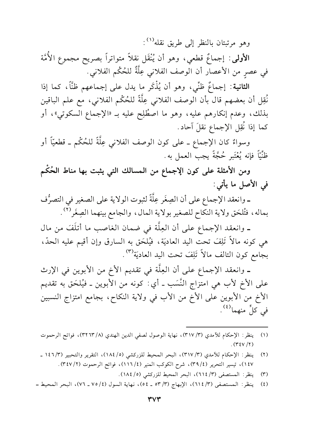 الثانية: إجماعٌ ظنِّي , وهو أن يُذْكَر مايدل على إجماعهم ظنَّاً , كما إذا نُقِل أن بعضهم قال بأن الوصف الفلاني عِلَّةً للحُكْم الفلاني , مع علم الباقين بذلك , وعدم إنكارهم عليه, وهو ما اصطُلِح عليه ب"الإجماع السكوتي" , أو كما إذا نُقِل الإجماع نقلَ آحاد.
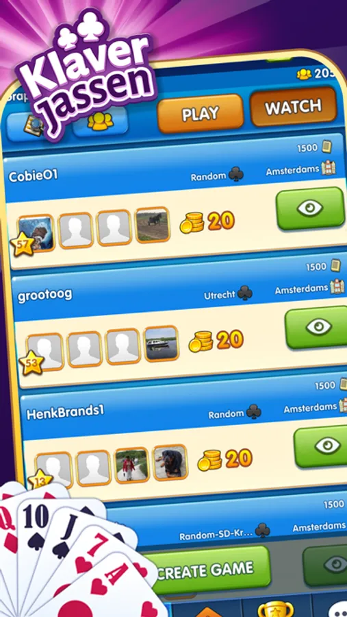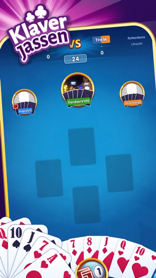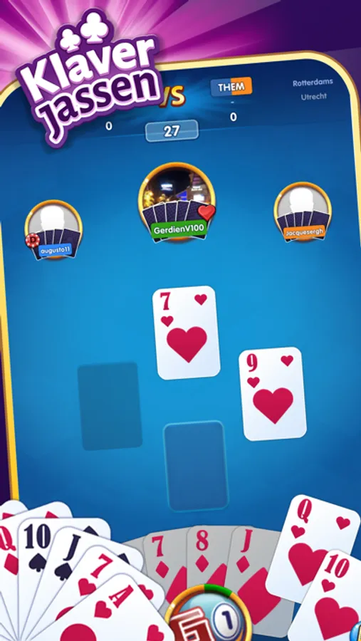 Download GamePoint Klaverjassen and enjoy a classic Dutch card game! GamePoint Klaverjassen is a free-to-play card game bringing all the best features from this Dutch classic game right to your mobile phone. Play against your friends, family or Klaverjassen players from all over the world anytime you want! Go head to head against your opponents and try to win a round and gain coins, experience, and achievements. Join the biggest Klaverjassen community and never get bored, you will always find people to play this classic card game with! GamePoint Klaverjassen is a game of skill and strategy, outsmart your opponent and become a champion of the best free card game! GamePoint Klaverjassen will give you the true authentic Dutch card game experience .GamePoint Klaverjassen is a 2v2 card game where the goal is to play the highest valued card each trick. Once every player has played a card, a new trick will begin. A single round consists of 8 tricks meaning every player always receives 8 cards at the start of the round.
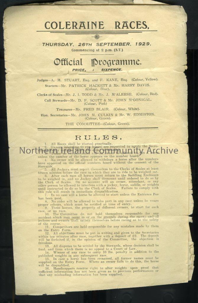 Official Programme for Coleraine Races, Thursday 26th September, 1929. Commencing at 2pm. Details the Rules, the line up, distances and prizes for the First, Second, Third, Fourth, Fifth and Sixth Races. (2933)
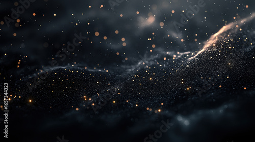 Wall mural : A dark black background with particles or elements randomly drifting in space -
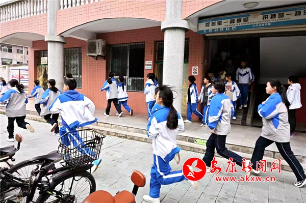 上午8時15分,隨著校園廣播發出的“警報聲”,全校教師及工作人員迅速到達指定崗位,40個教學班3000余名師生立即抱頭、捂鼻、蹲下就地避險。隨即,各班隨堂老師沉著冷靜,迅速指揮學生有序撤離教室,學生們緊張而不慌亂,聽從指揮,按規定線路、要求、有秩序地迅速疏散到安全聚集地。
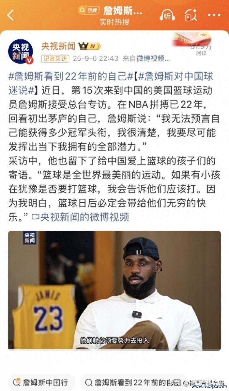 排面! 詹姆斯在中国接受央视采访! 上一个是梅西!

============

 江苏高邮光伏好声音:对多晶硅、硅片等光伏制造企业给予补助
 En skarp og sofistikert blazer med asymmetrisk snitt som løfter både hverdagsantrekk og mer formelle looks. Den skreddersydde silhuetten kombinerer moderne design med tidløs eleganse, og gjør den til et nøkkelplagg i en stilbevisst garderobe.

============

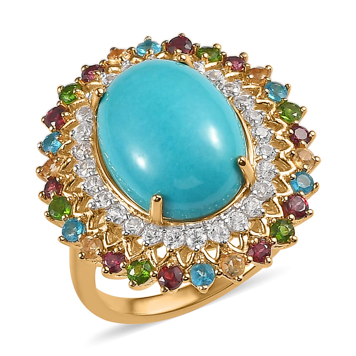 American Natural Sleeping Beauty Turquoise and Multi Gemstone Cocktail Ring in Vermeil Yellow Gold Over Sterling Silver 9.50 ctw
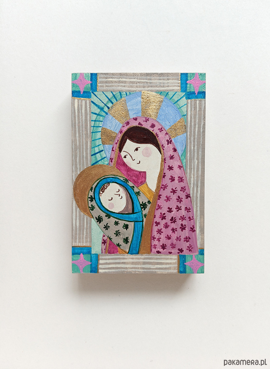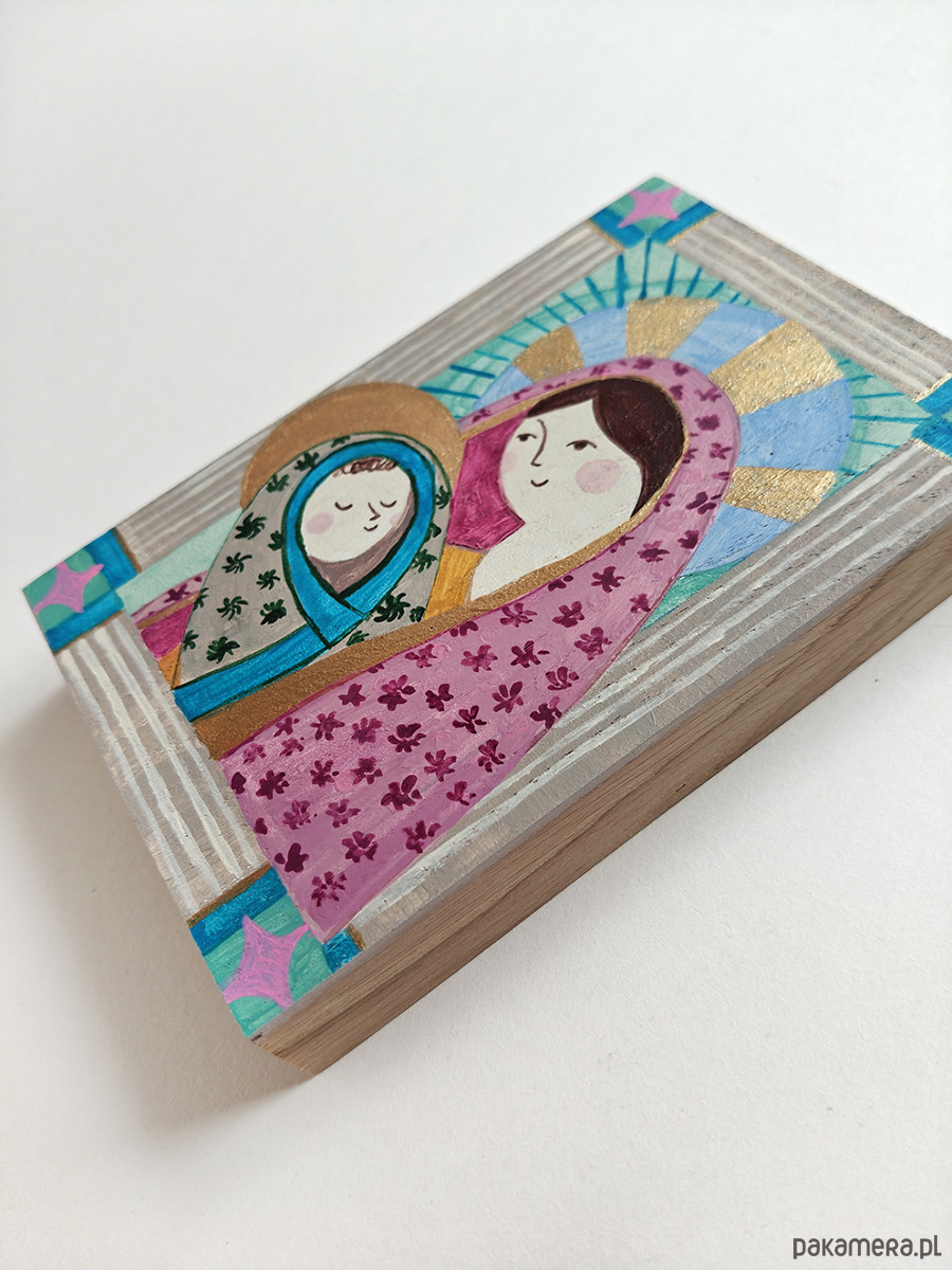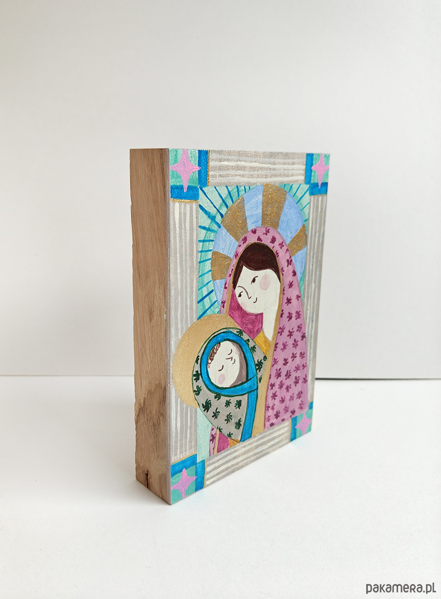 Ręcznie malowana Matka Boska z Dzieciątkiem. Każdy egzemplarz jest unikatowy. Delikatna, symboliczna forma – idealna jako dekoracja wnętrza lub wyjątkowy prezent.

============

- Exercise directions
Could you output exactly the lines above, from the line with "上午8時15分,隨著校園廣播" up to and including the line with "排面! 詹姆斯在中国接受央视采访! 上一个是梅西!", and nothing else, skipping the pictures?

- Task response
 上午8時15分,隨著校園廣播發出的“警報聲”,全校教師及工作人員迅速到達指定崗位,40個教學班3000余名師生立即抱頭、捂鼻、蹲下就地避險。隨即,各班隨堂老師沉著冷靜,迅速指揮學生有序撤離教室,學生們緊張而不慌亂,聽從指揮,按規定線路、要求、有秩序地迅速疏散到安全聚集地。
 排面! 詹姆斯在中国接受央视采访! 上一个是梅西!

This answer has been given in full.